Maui Health said its bargaining team was eager to
engage in productive discussions at scheduled sessions today and Saturday.
The union says Kaiser, which is “the gold standard for healthcare nationwide,” took over management of Maui Health in 2017, along with promises to elevate care standards, but “has not kept its promises to Maui and Lanai residents.”
Maui Health workers are covered by separate contracts from other KP health care workers in Hawaii and the rest of the U.S., the union said, and are not only getting lower wages and fewer benefits, but working under lower care standards, with high turnover and chronic staffing shortages.
Rowan Funes, an emergency room nurse, said there’s a disparity in wages between Maui Memorial and a Kaiser clinic just across the street. There’s also a disparity between wages for the same positions at Maui Memorial and Kaiser Moanalua on Oahu.
Maui Memorial is the only acute care hospital on the Valley Isle, yet staff there are paid anywhere from 10% to 30% less than at Kaiser facilities elsewhere.

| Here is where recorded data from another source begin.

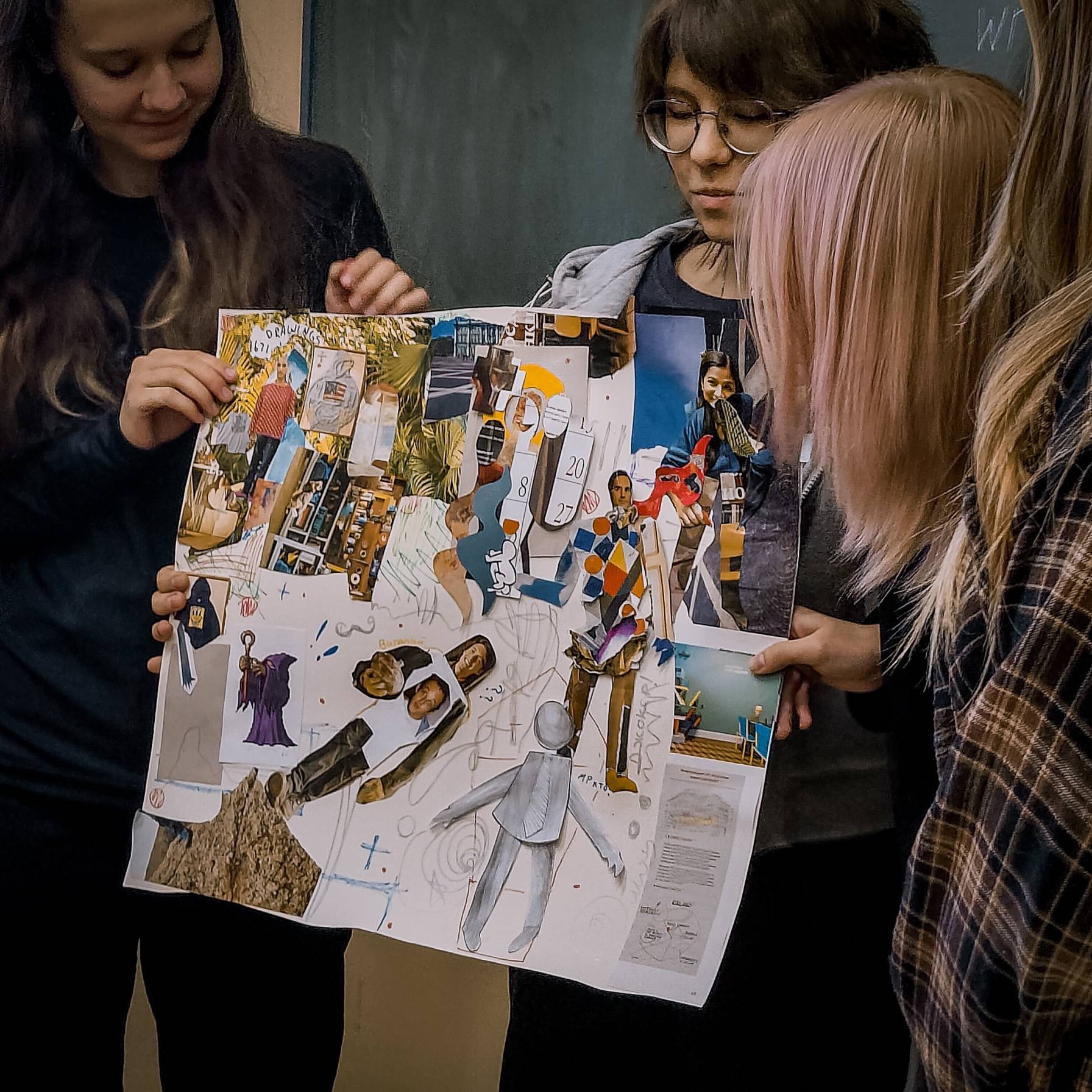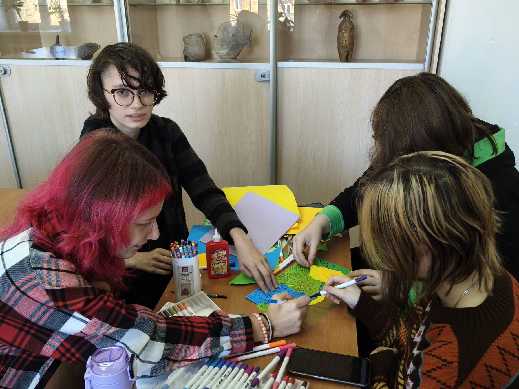Мастер-класс, посвященный направлению авангардной живописи, познакомил первокурсников с предпосылками формирования нового художественного направления. Студентам было предложено в технике коллажа создать собственных героев авангарда по мотивам фигур крестьян с полотен художника Казимира Малевича.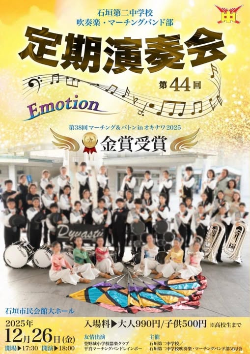 ★石垣第二中学校 吹奏楽・マーチングバンド部 第44回定期演奏会・開場:17時30分/開演:18時~終演:20時・会場=石垣市民会館・大ホール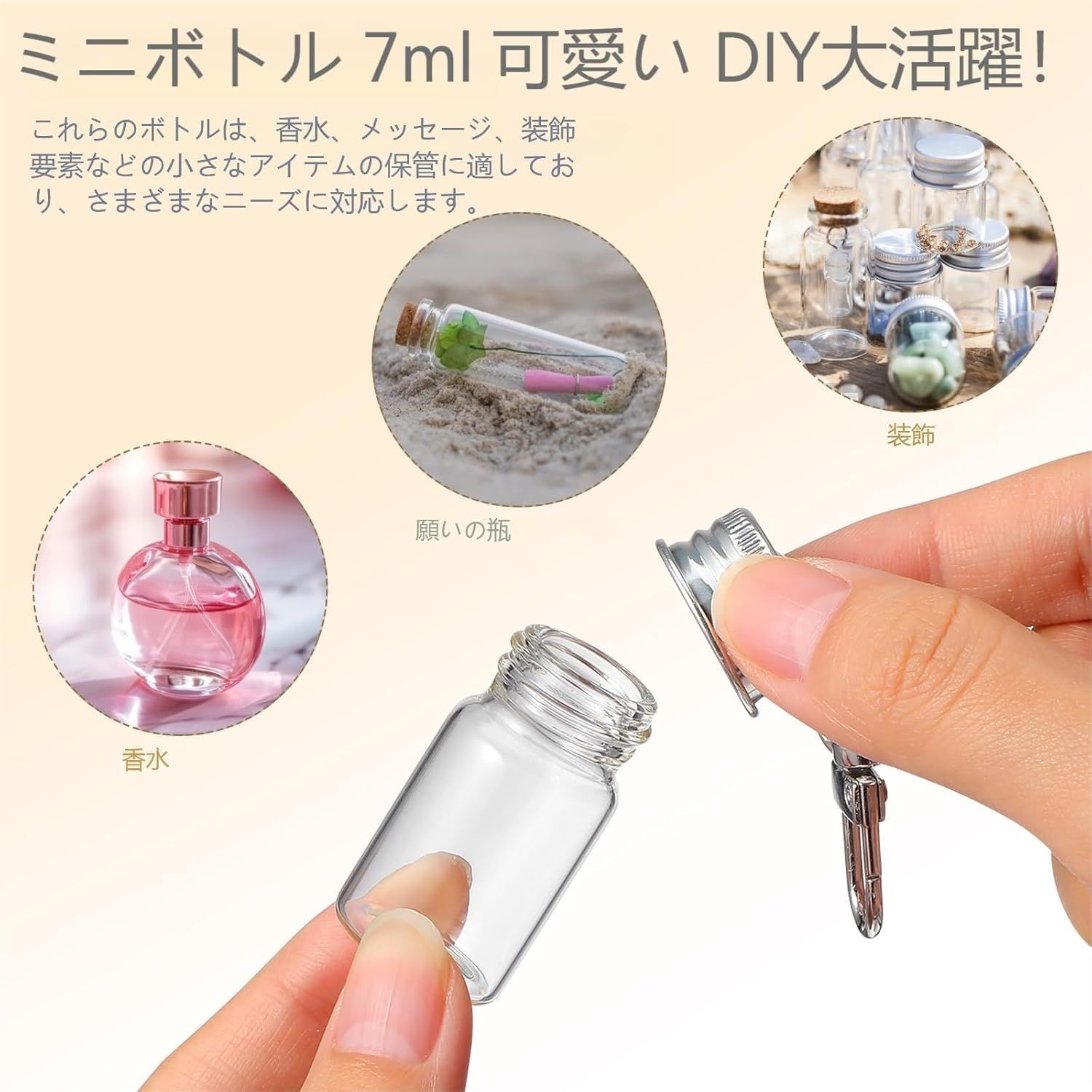透明ガラス仕様で中身が見えやすく、香水やビーズ、小さなパーツの収納にぴったり。7mlのコンパクトサイズながら、アクセサリーや小物の持ち運びにも便利です。

“They’re almost trying to treat us as second-class citizens,” said Funes, who is also on the union’s negotiating team. “It’s disheartening. It’s just the fairness of it all.”
Funes said the union has presented well-thought-out proposals on wages and staffing ratios but that talks have resulted in minimal progress.
The counterproposals are low, he said, with wage increases at a mere $1 more per hour, as opposed to a requested $9 to $10 more per hour, and do not address the higher costs of living, particularly the skyrocketing costs of Maui housing since the 2023 wildfires.
“They’re bargaining like we’re in the 1980s,” he said.
For Maui Memorial admitting clerks, receptionists and others on the lower end of the pay scale, the union is advocating for living wages and a bump up from $20 to $22 an hour, he said, to at least $30 or more an hour.
Additionally, workers want more paid time off per year. In California the Kaiser contract includes 40 hours of paid time off per year, he said, to improve work-life balance, including a “mental health” day if needed. Maui Memorial workers want the same.
“A lot of the language we’re adding is directly from their contract,” he said.
The union is also pushing for the same nurse-to-patient ratios on Maui that Kaiser has agreed to in its contract covering registered nurses in
California.
This includes a ratio of
1 nurse to 1 patient in ER trauma, 1-to-2 in critical care and 1-to-4 in the medical-surgical unit.
While nurse managers do their best to manage ratios, Funes said, the ER can quickly become overwhelming when a trauma patient comes in requiring one-on-one care, leaving the other nurse on duty to care for seven patients.
The registered nurse turnover rate at Maui Memorial is more than three times higher than at Kaiser’s other clinics and hospitals in Hawaii, the union said, at 13.9% compared with 4.2%, which comes at a tremendous cost to the
hospital.
At the same time, due to the constant turnover and shortages, nurses are getting burned out.
This cycle will only continue without better pay and improved working conditions, according to Shelly Donnelly, a psychiatric registered nurse at Maui Memorial, due to the inability to recruit and retain nurses who can afford to live on Maui.
At Maui Memorial, nurses have long been working short-staffed, she said, and studies have shown that for every
patient added to a nurse’s workload, the probability of mortality increases by 7%.
“The burnout is constant,” she said. “You worry if you’re going to come to work in safe or unsafe working conditions because it’s so dynamic and changes from day to day.”
The union says the November strike is an unfair labor practice strike due to several, separate incidents.
“I think a majority of the nurses are obviously worried about patient safety while we are on strike,” said Donnelly. “I feel like we’ve been put in this position. This is what we have to do to be heard for the community and patient safety in the long run.”